# Mo Ozark Farm for Sale



## oldtimer 417 (Mar 12, 2009)

Large House 0n 19.6 to 22.6 Acre farm for sale. 2 story with 3 story tower. Presently 5 bd. 1 ba. ,(roughed in for 3 more), with many bonus rooms. Former Almish farm has all new elect, septic, basic plumbing, cabinets additions and much much more. Elect heat with 3 wood stoves. 5 barns including a 80 year old hairbone in need of work and a commercial size chicken barn with equipment. Old shop and many other outbuildings. 3 ponds, creek, good fencing. Nice mix of pasture/hay ground and woods. Very livable and usable, but has great potential for much more. Reason for selling to buy a more managable place closer to the grand kids. Can see pictures on facebook page: Seymour, Mo. Farm. Asking $159,000 for the 19.6 acres. 20,000 for the additional 3 acre lot with another access in the back way. Or may trade for southern Ky. or Tenn. property. May consider rent or lease to non smoking family for year or two. Please call Tom at 417-738-4117


----------



## MoonShadows (Jan 11, 2014)

Couldn't find pics on Facebook. Please post exact facebook page url.

Thanks.


----------



## beowoulf90 (Jan 13, 2004)

MoonShadows said:


> Couldn't find pics on Facebook. Please post exact facebook page url.
> 
> Thanks.



Here is what I found when I searched:

https://www.facebook.com/profile.php?id=100005062397082&fref=ts


----------



## Dixie Bee Acres (Jul 22, 2013)

Wish I could see it, but I don't have fakebook.


----------



## oldtimer 417 (Mar 12, 2009)

Sorry, If you can't see all the pictures, will try to get it to work right. Has anyone else had trouble accesing the pictures?


----------



## Boo8meR (Aug 10, 2014)

oldtimer 417 said:


> Sorry, If you can't see all the pictures, will try to get it to work right. Has anyone else had trouble accesing the pictures?

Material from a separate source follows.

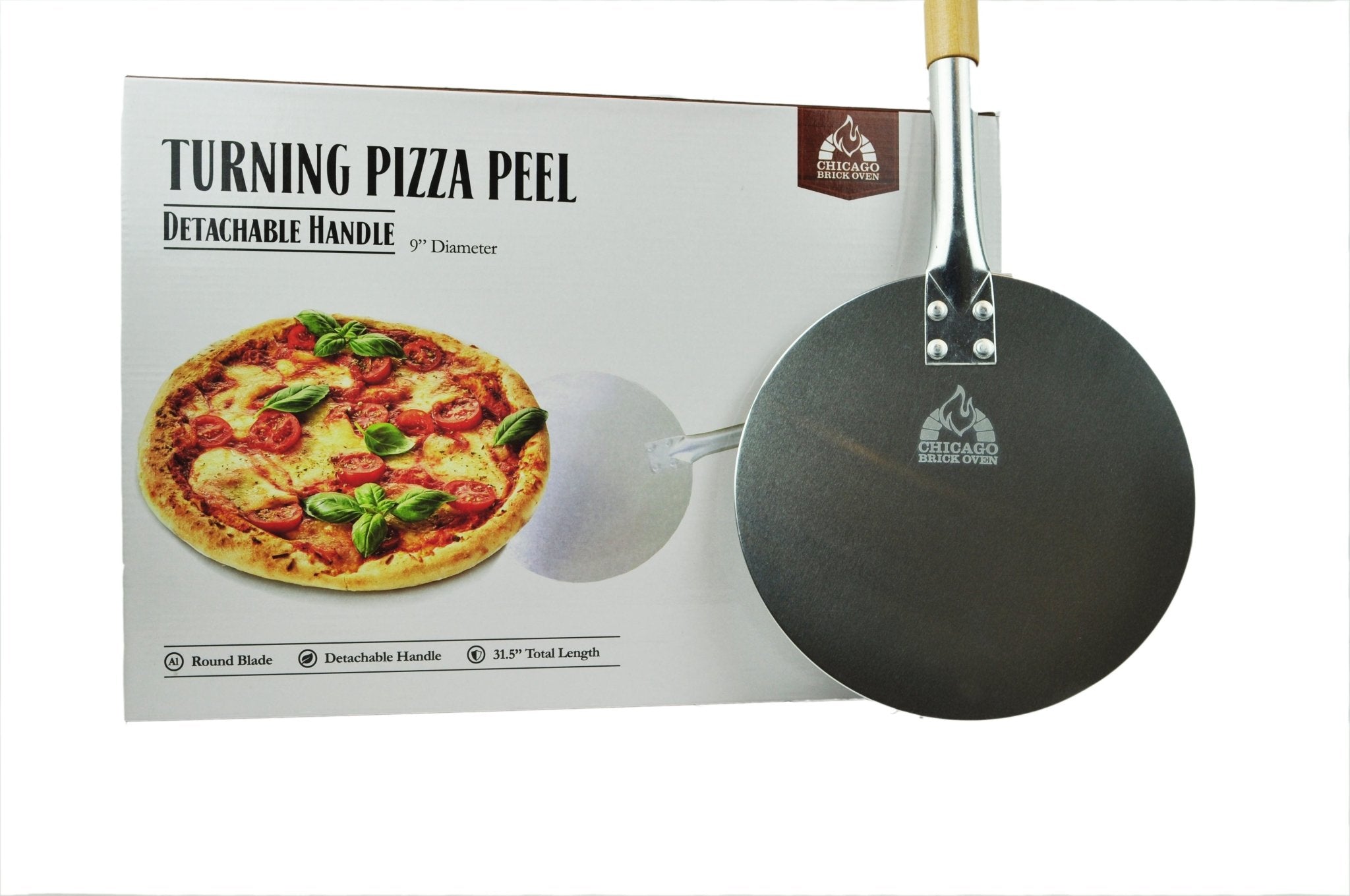 Chicago Brick Oven Aluminum Pizza Peel - Turning Pizza Paddle with Leather Strap and Detachable Wood Handle - Bakeware & Pizza Oven Accessories - 9 in

Yes, because I don't have Facebook. Do you have another option to show us the information and the pictures?


----------



## buffalocreek (Oct 19, 2007)

There's a post on this forum on how to upload pics.


----------



## oldtimer 417 (Mar 12, 2009)

I just wanted to let those interested in this property that we are dropping the price down to $149,000. I have several nice families interested in renting the place so if we do not get a serious buyer in the next month, we will rent it out for a year or two. I'm sorry I have dropped the ball on providing pictures, but I'm just not set up for it. Thanks for your patience.


----------